Data are presented as mean ± SE. Statistical comparisons on the mean values between control and diabetic groups were carried out using the nonparametric Mann–Whitney U test, with a P value of <0.05 taken as significant (StatView, version 5.0.1, Mountain View, CA). A simple regression was carried out for the correlation analysis. The Wilcoxon rank sum test was performed to compare endocrine cell replication between groups due to skewed distributions of the observations. To evaluate the implication of cell damage markers in the β-cell deficit, we adopted hierarchical “cluster analysis,” which enables grouping (clustering) of subjects with similar (but not identical) values of staining results of γH2AX, C/EBP-β, and P62 and the relationships with β-cell deficit based on the Ward’s method (22) using a software (JMP, version 10.0.2, SAS institute Inc., Cary, NC).

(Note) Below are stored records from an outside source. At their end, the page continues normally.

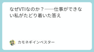 投資副業 なぜVTIなのか?──仕事ができない私がたどり着いた答え 仕事の限界を感じた私が、希望と安心を手にするためにVTIに投資した理由とは?たぱぞうさんの影響と、人生を変える資産運用の決断を綴ります。 2025.08.05 投資副業
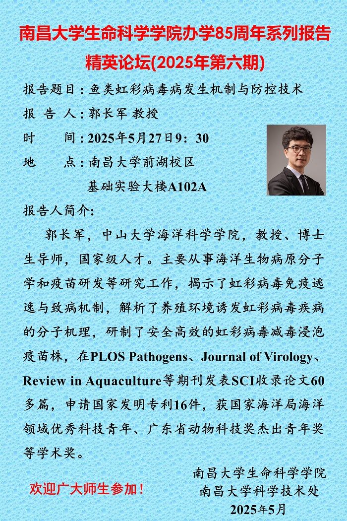 南昌大學生命科學學院辦學85周年系列報告精英論壇(2025年第六期)
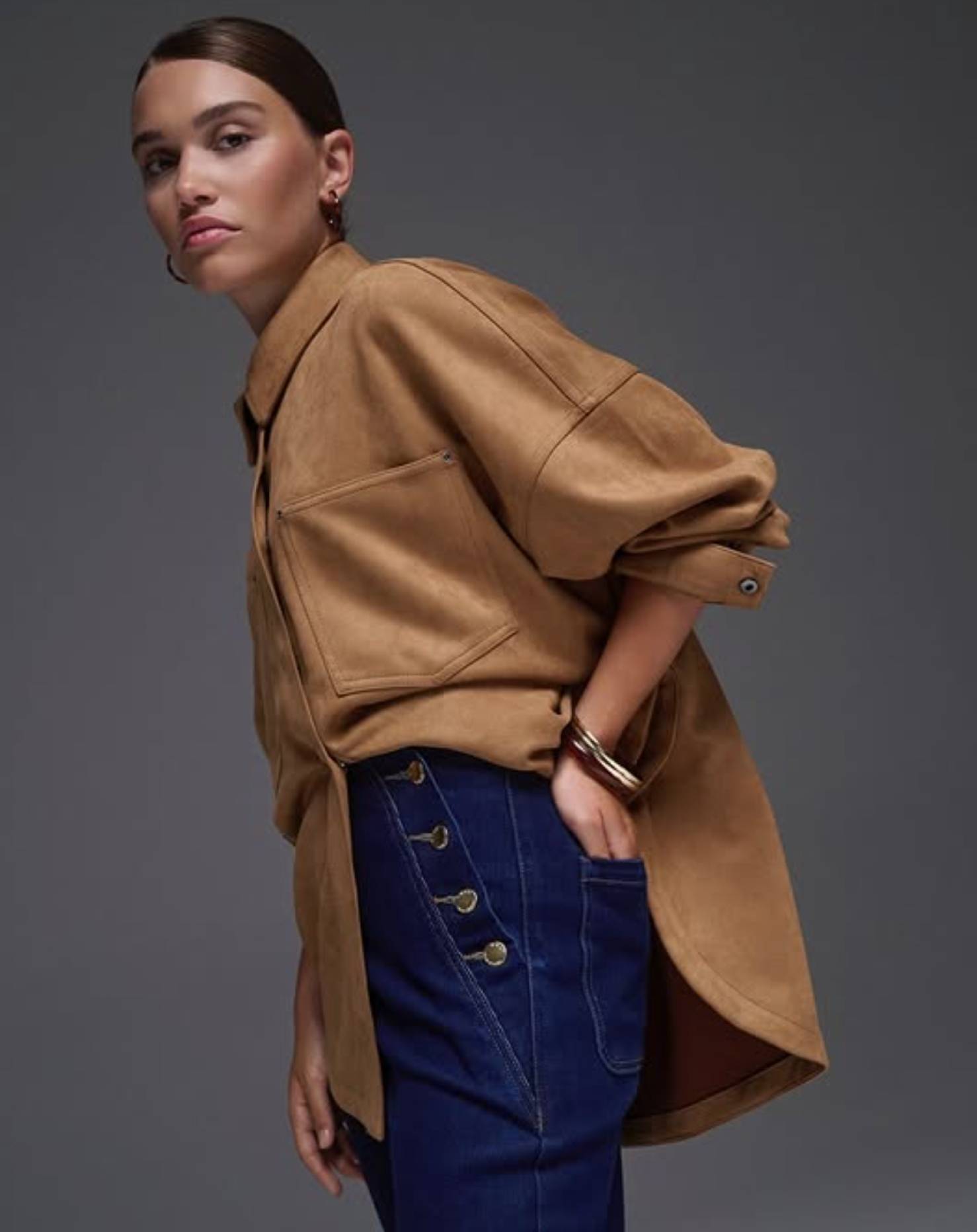 Jupe longue camel unie avec une coupe droite et des passants pour ceinture
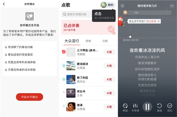 作为国民级K歌娱乐软件——全民K歌,也针对老年人推出了“关怀模式”,根据老年人的喜好做了特别的配置。比如,关怀模式下会更多给老年人推荐他们喜欢的歌曲。同时,在K歌调音功能中也会有老唱片等音色供老年用户选择。
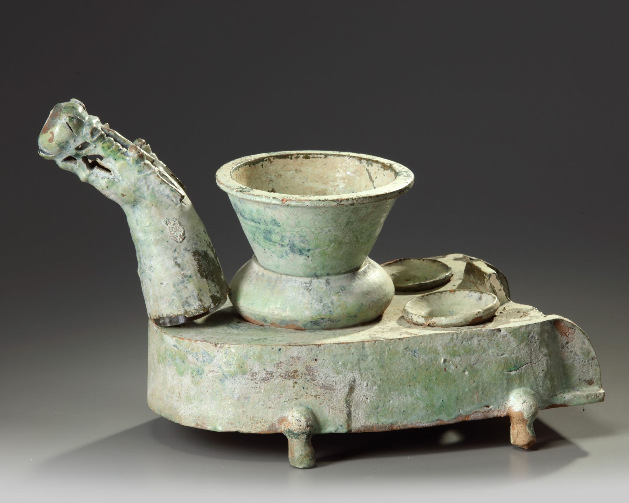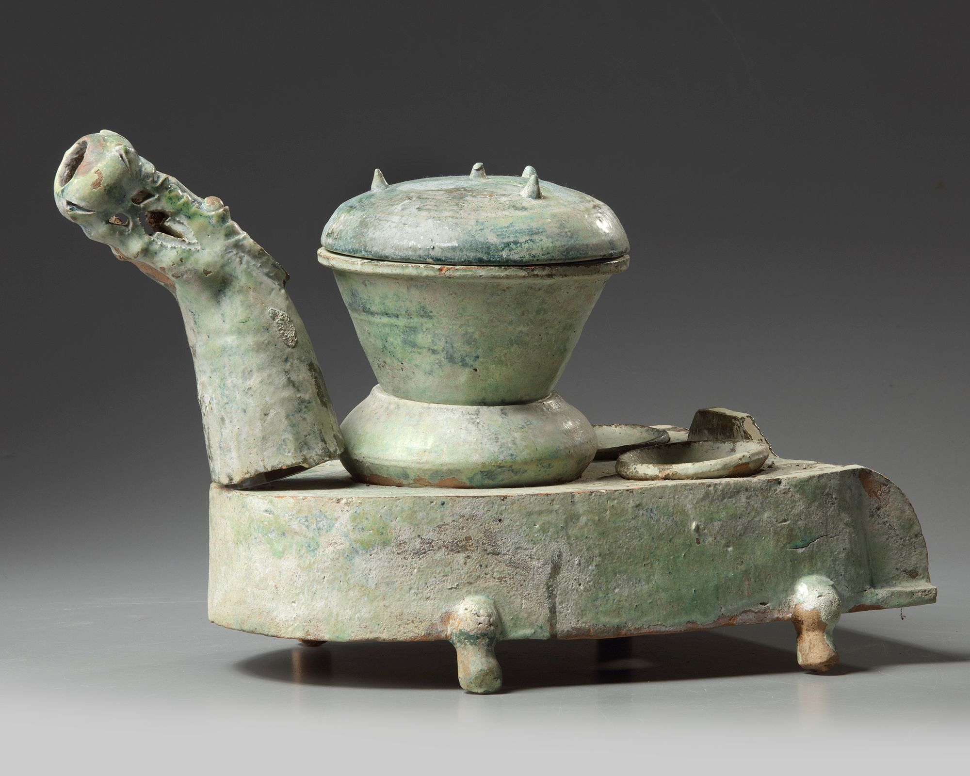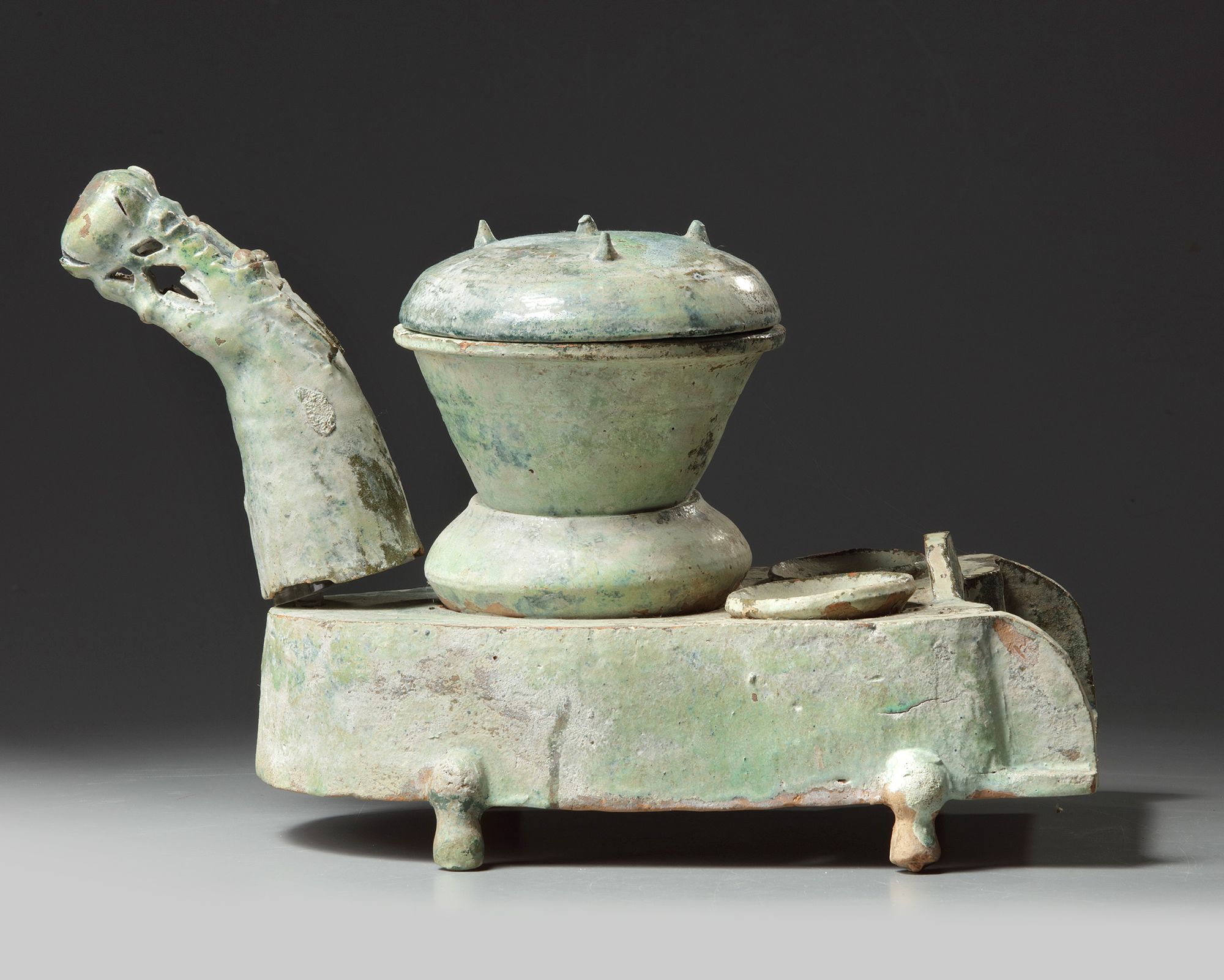 The elongated D-shaped stove stands on four cabriole feet with three cooktops, two with pans and one with a wok accompanied with a domed cover. The dragon head spout held with a pyrex attachment.

Clinical summary of 47 type 2 diabetic patients and 30 nondiabetic age-matched (control) subjects is summarized in Table 1. Mean age was comparable in two groups. BMI was 22.4 ± 0.7 in the nondiabetic group and 22.7 ± 0.6 in the diabetic group (P > 0.1). Duration of diabetes in the diabetic group was 10.8 ± 1.5 years. HbA_1c value in diabetic patients nearest to their death was 7.6 ± 0.3% (60 ± 3.1 mmol/mol), while Japanese healthy control values were reported to be 5.49 ± 0.55% (37 ± 5.6 mmol/mol) (23). There was no difference in pancreas weight between nondiabetic and diabetic groups. Cardiovascular events were predominant causes of death in diabetic group. Detailed information on the age, BMI, pancreas weight, diabetes duration, and HbA_1c values is described in Supplementary Table 1. The causes of death are separately described in Supplementary Table 2. Although there were only limited patients who had the data of GAD antibody in diabetic patients, all the examined cases were negative.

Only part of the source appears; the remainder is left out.